Goal of the exercise =>
This task calls for every entry below to be repeated exactly, without the pictures.

== Data shown

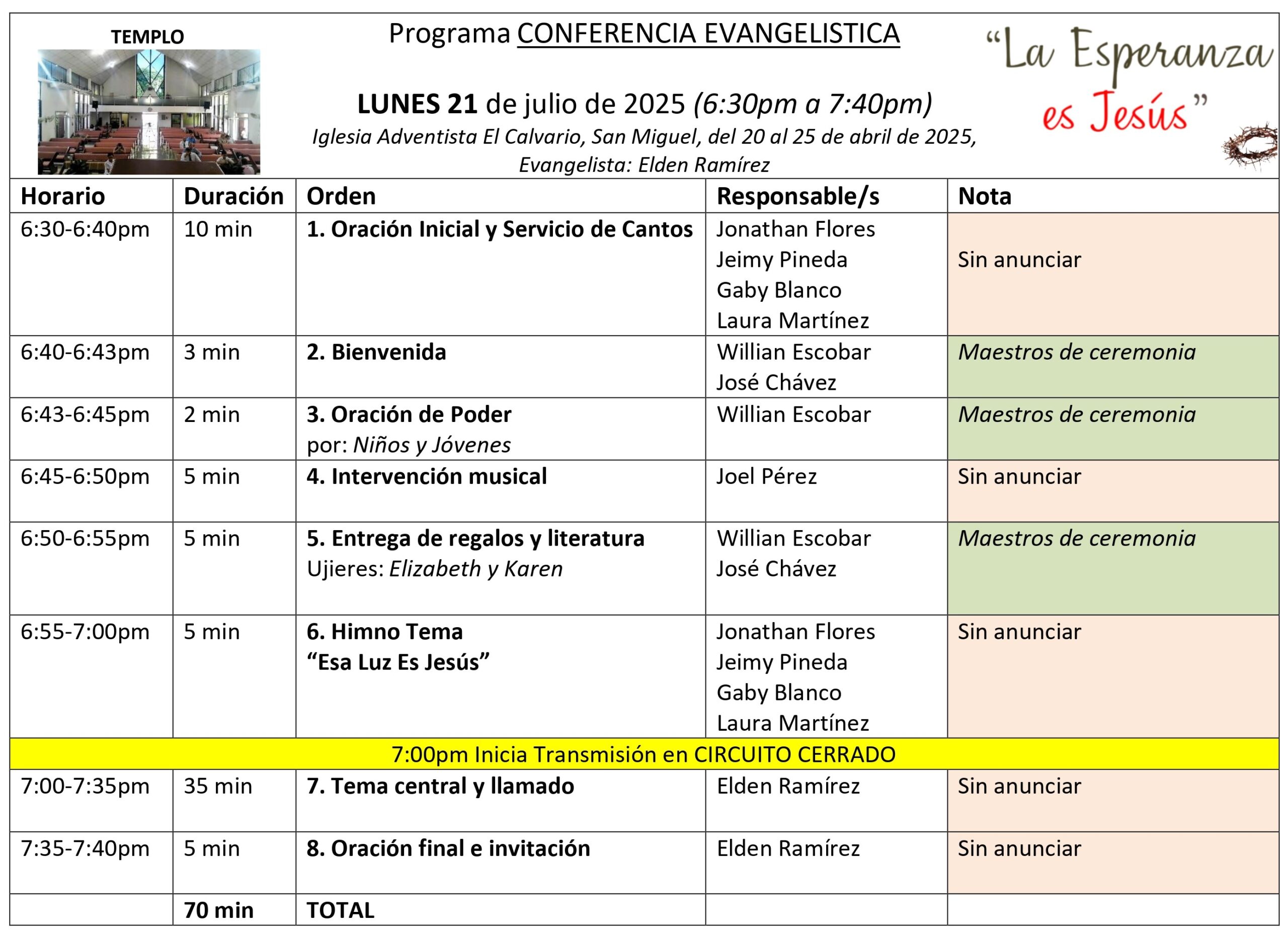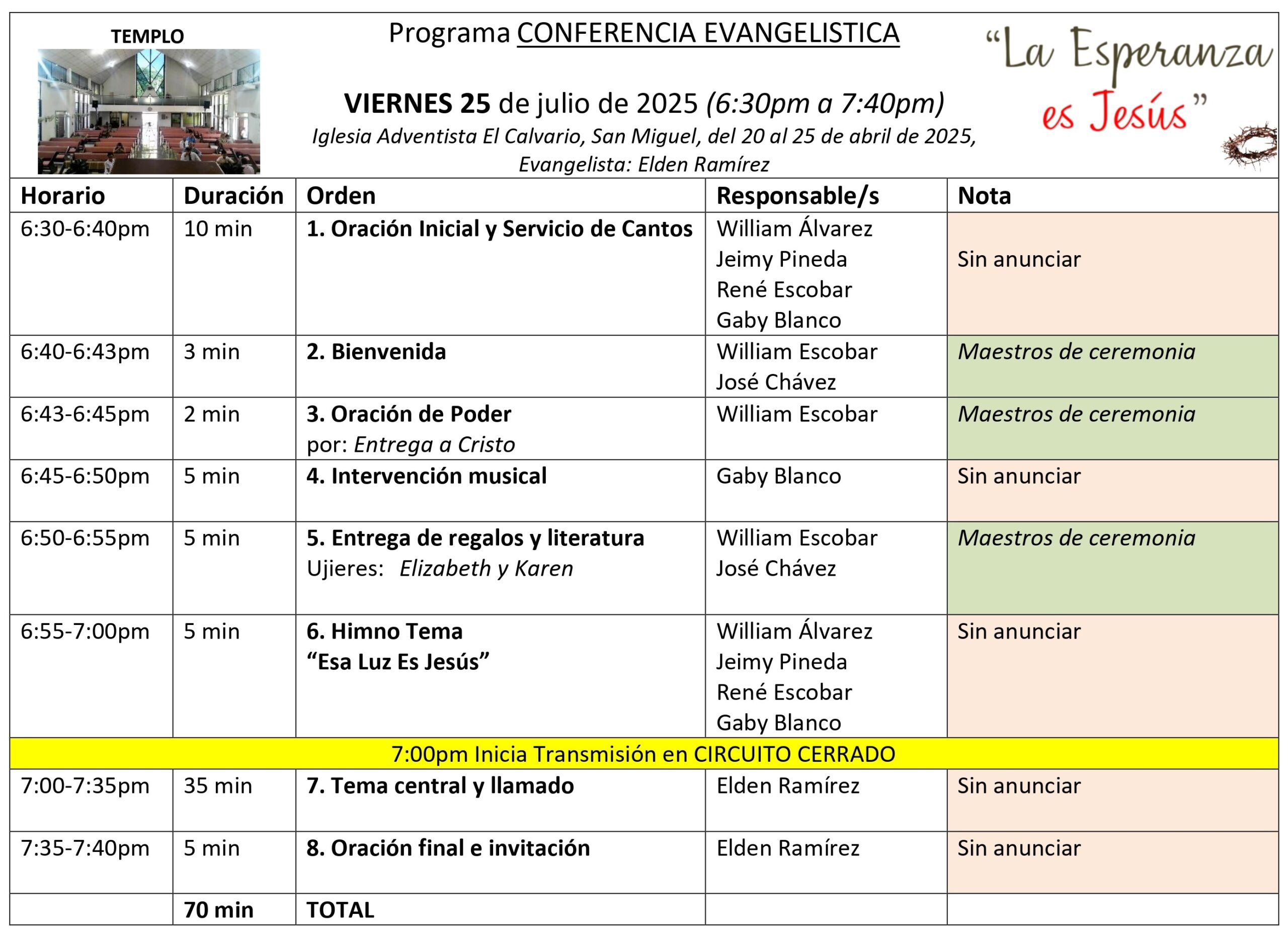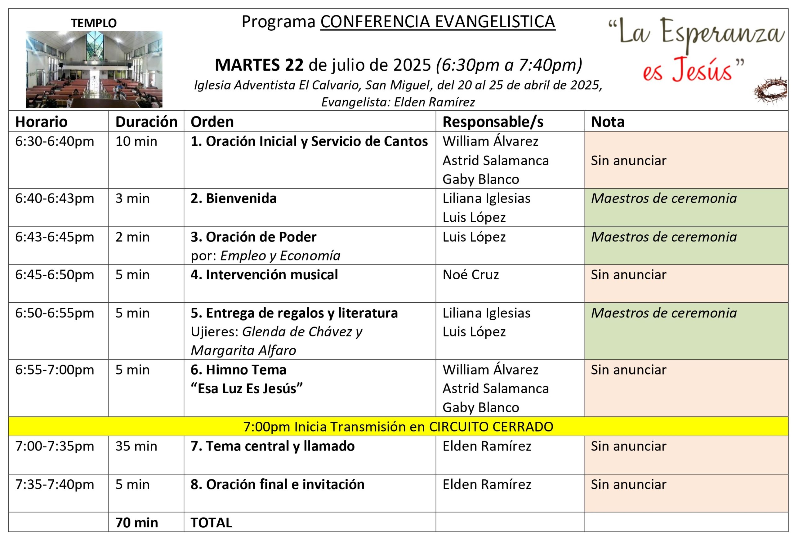 Gracias por formar parte de este esfuerzo evangelístico: “La Esperanza es Jesús”
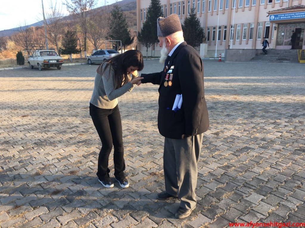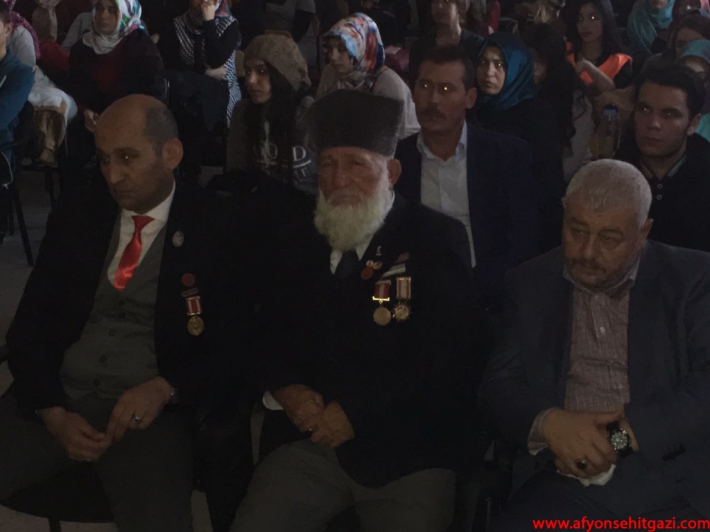 Ulu önderimiz Mustafa Kemal Atatürk ve Şehitler’imize atfen saygı duruşunun devamındaki İstiklal Marşı’mızın dinletisi ile başlatılan etkinlikte katılımcılarımız olan Türkiye Harp Malulü Gaziler, Şehit, Dul ve Yetimleri Derneği Afyonkarahisar Şubesi Başkanı Malul Gazi P. Uzm. Çvş. İsmail KUMARTAŞLI ve Kıbrıs Gazisi Tahsin KOÇ’un sunumlarının ardından, sırasıyla sahneye davet edilmişlerdir.
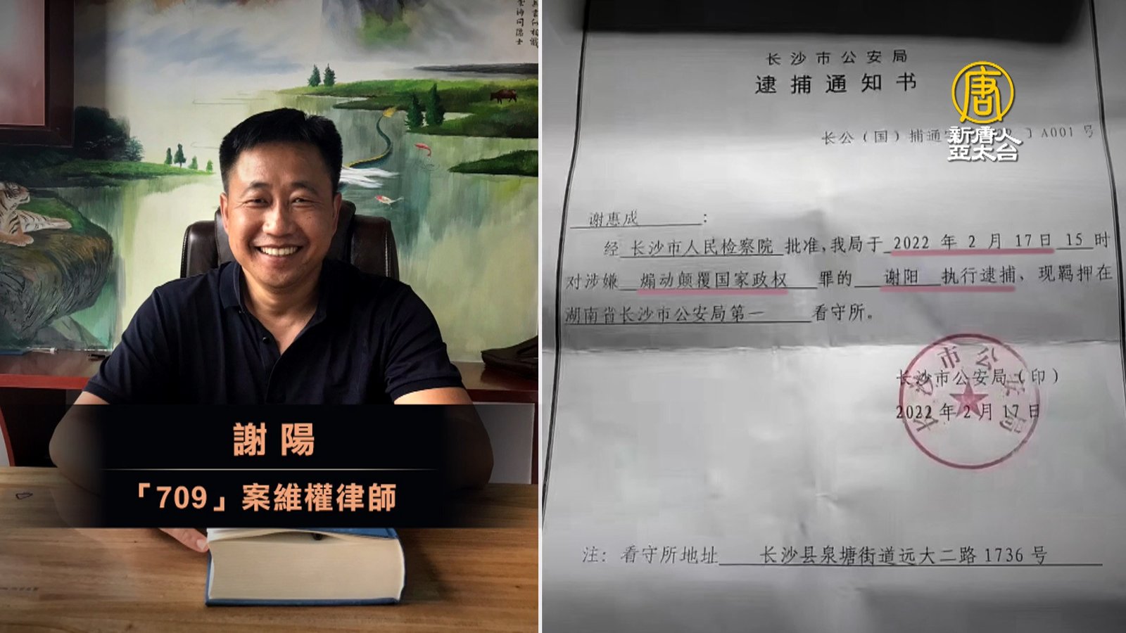 中國「709」案維權律師謝陽2月17號被當局以「涉嫌煽動顛覆國家政權罪」正式逮捕。謝陽的朋友表示,謝陽一直在為社會公平和正義奔走呼喊,因而得罪當局,被構陷入獄。 //asset1.ntdtv.com.tw/public/uploads/assets/2022/02/22/2022-02-22-6214e8dc11eb0.mp4 709|維權律師|謝陽|709大抓捕|中共迫害|煽動顛覆國家政權罪|202202222022-02-22 22:12:14
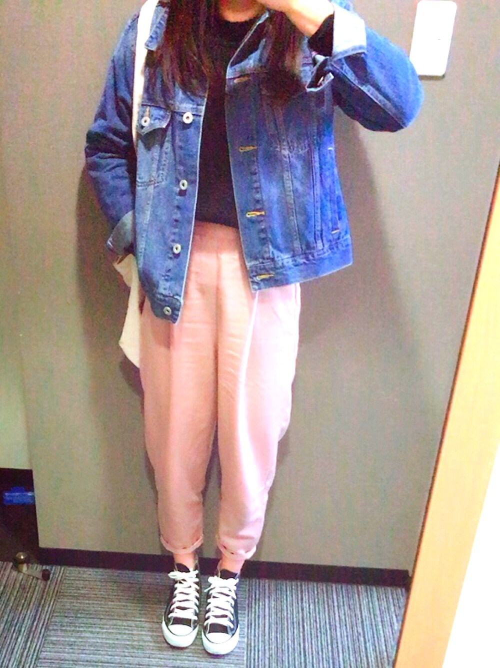 今日は、遠出してます(^o^) 昼間は晴れでポカポカしてたのに、夜はまだ寒かったです…… 春らしくピンクのテーパードパンツで綺麗目コーデ!Gジャンと合わすと映えて綺麗! 黒のテーパードパンツも買ったから、それも後々あげたいと思います(^o^) このニットは、セールで¥990でした! 2wayで、Vネックとマルネック?の2パターン着れるので、べんり! いつもいいね、save、フォローありがとうございます!!!
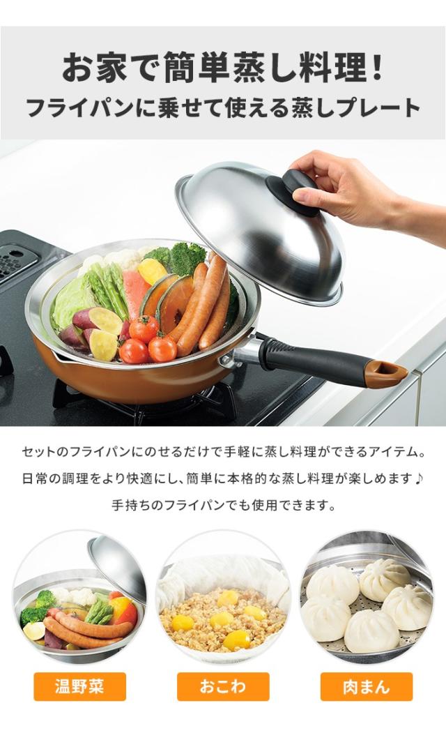 【値下げ】蒸し器 フライパンセット フライパン24cm/のせるスチームプレート 24〜26cm 蓋付き セット フライパンにのせて簡単 蒸しプレート 日本製 蒸し器 スチーマー 鍋 なべ 一人暮らし 新生活
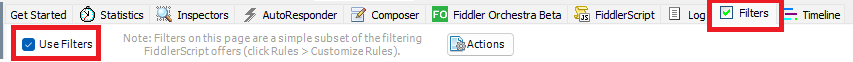 Fiddler 화면 오른쪽 항목에서 Filter 탭을 선택 -> Use Filters를 체크하여 활성화한 후 내가 원하는 조건을 설정하면 된다.
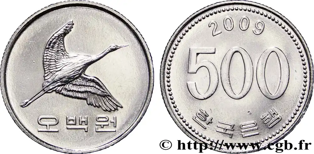 Type : 500 Won grue de MandchourieDate : 2009Quantité frappée : 40000000Métal : cupro-nickelDiamètre : 26,5 mmAxe des coins : 6 h.Poids : 7,70 g.Tranche : striéeRéférence ouvrage :KM21/27 AversTitulature avers : (LÉGENDE EN CORÉEN) 오백원.Description avers : Grue de Mandchourie.ReversTitulature revers : (LÉGENDE EN CORÉEN) 2009 / 500 / 한국은행.Description revers : Dans le champ.HistoriqueCORÉE DU SUD
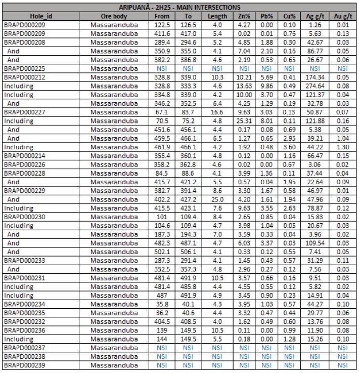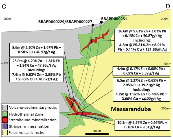 | · | Aripuanã - Massaranduba target: 16.6 meters at 9.63% Zn, 3.03% Pb, 0.13% Cu, and 50.87 g/t Ag, including 4.8 meters with 25.31% Zn, 8.01% Pb, 0.11% Cu, and 121.88 g/t Ag in drill hole BRAPD000227 from 67.1 meters. |
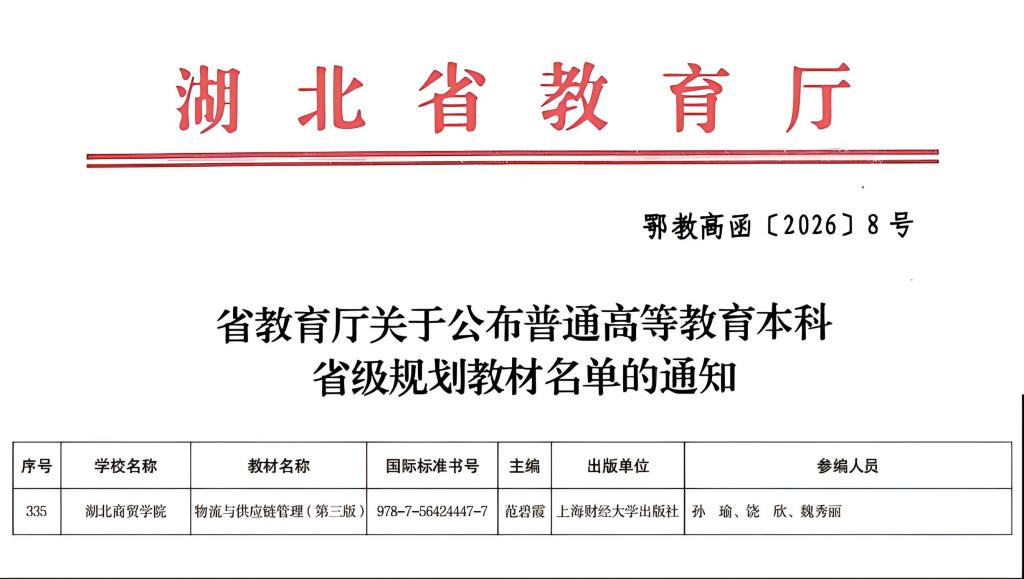近日,湖北省教育厅正式公布普通高等教育本科省级规划教材遴选结果,我校范碧霞老师主编的《物流与供应链管理(第三版)》教材成功入选。
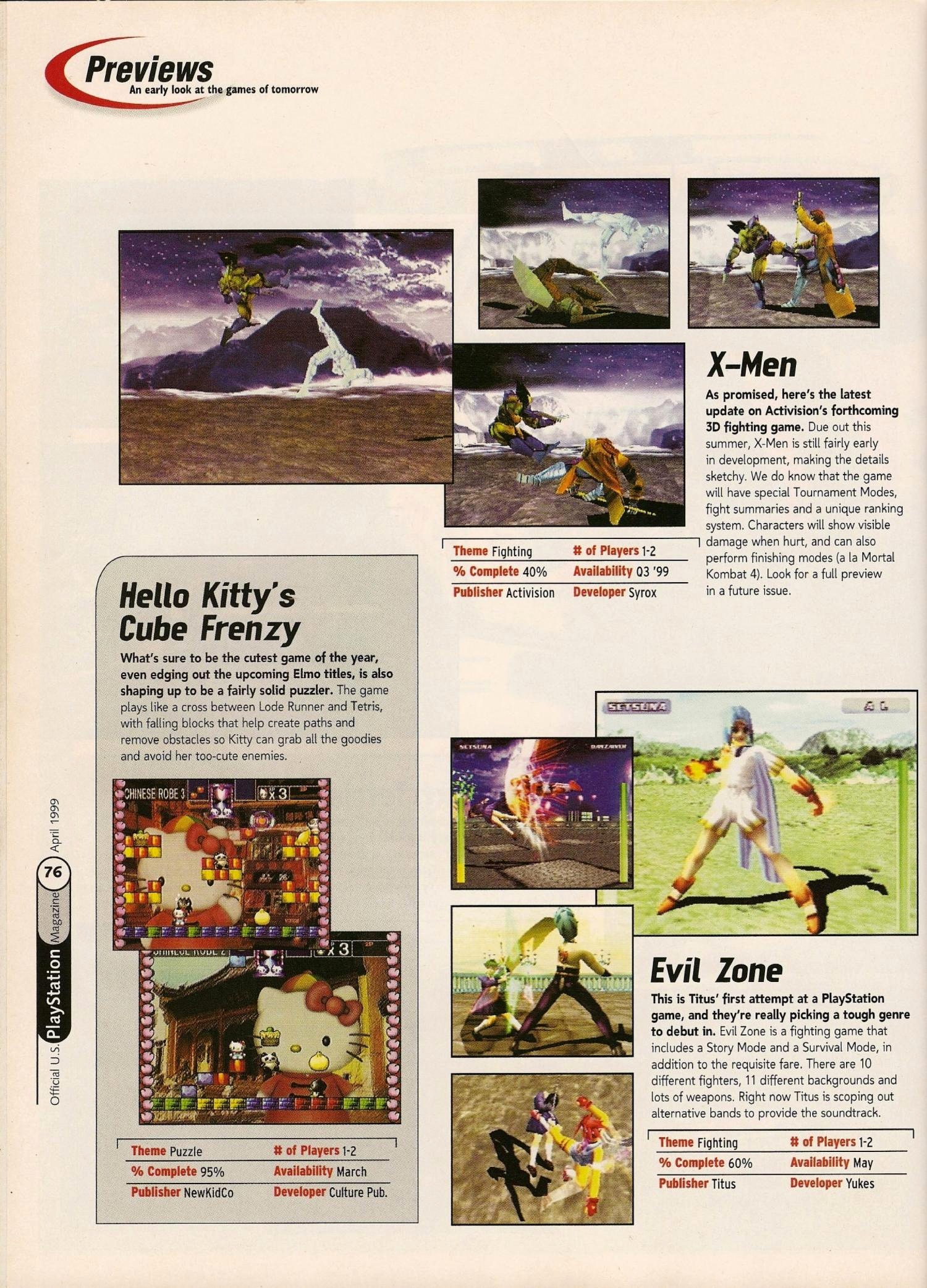 Как ни крути, а в роликах показали далеко не всех персонажей, увы, но полностью всех рассмотреть не выйдет. Немного того, чего нет в роликах, можно лицезреть на скриншотах, вытащенных из пресс.дисков и журнальных статей. В одном из журналах указанно, что игра была готова на 40%.

====

Task solution =>
 Gracias por formar parte de este esfuerzo evangelístico: “La Esperanza es Jesús”
 Ulu önderimiz Mustafa Kemal Atatürk ve Şehitler’imize atfen saygı duruşunun devamındaki İstiklal Marşı’mızın dinletisi ile başlatılan etkinlikte katılımcılarımız olan Türkiye Harp Malulü Gaziler, Şehit, Dul ve Yetimleri Derneği Afyonkarahisar Şubesi Başkanı Malul Gazi P. Uzm. Çvş. İsmail KUMARTAŞLI ve Kıbrıs Gazisi Tahsin KOÇ’un sunumlarının ardından, sırasıyla sahneye davet edilmişlerdir.
 中國「709」案維權律師謝陽2月17號被當局以「涉嫌煽動顛覆國家政權罪」正式逮捕。謝陽的朋友表示,謝陽一直在為社會公平和正義奔走呼喊,因而得罪當局,被構陷入獄。 //asset1.ntdtv.com.tw/public/uploads/assets/2022/02/22/2022-02-22-6214e8dc11eb0.mp4 709|維權律師|謝陽|709大抓捕|中共迫害|煽動顛覆國家政權罪|202202222022-02-22 22:12:14
 今日は、遠出してます(^o^) 昼間は晴れでポカポカしてたのに、夜はまだ寒かったです…… 春らしくピンクのテーパードパンツで綺麗目コーデ!Gジャンと合わすと映えて綺麗! 黒のテーパードパンツも買ったから、それも後々あげたいと思います(^o^) このニットは、セールで¥990でした! 2wayで、Vネックとマルネック?の2パターン着れるので、べんり! いつもいいね、save、フォローありがとうございます!!!
 【値下げ】蒸し器 フライパンセット フライパン24cm/のせるスチームプレート 24〜26cm 蓋付き セット フライパンにのせて簡単 蒸しプレート 日本製 蒸し器 スチーマー 鍋 なべ 一人暮らし 新生活
 Fiddler 화면 오른쪽 항목에서 Filter 탭을 선택 -> Use Filters를 체크하여 활성화한 후 내가 원하는 조건을 설정하면 된다.
 Type : 500 Won grue de MandchourieDate : 2009Quantité frappée : 40000000Métal : cupro-nickelDiamètre : 26,5 mmAxe des coins : 6 h.Poids : 7,70 g.Tranche : striéeRéférence ouvrage :KM21/27 AversTitulature avers : (LÉGENDE EN CORÉEN) 오백원.Description avers : Grue de Mandchourie.ReversTitulature revers : (LÉGENDE EN CORÉEN) 2009 / 500 / 한국은행.Description revers : Dans le champ.HistoriqueCORÉE DU SUD
 | · | Aripuanã - Massaranduba target: 16.6 meters at 9.63% Zn, 3.03% Pb, 0.13% Cu, and 50.87 g/t Ag, including 4.8 meters with 25.31% Zn, 8.01% Pb, 0.11% Cu, and 121.88 g/t Ag in drill hole BRAPD000227 from 67.1 meters. |
近日,湖北省教育厅正式公布普通高等教育本科省级规划教材遴选结果,我校范碧霞老师主编的《物流与供应链管理(第三版)》教材成功入选。
 Как ни крути, а в роликах показали далеко не всех персонажей, увы, но полностью всех рассмотреть не выйдет. Немного того, чего нет в роликах, можно лицезреть на скриншотах, вытащенных из пресс.дисков и журнальных статей. В одном из журналах указанно, что игра была готова на 40%.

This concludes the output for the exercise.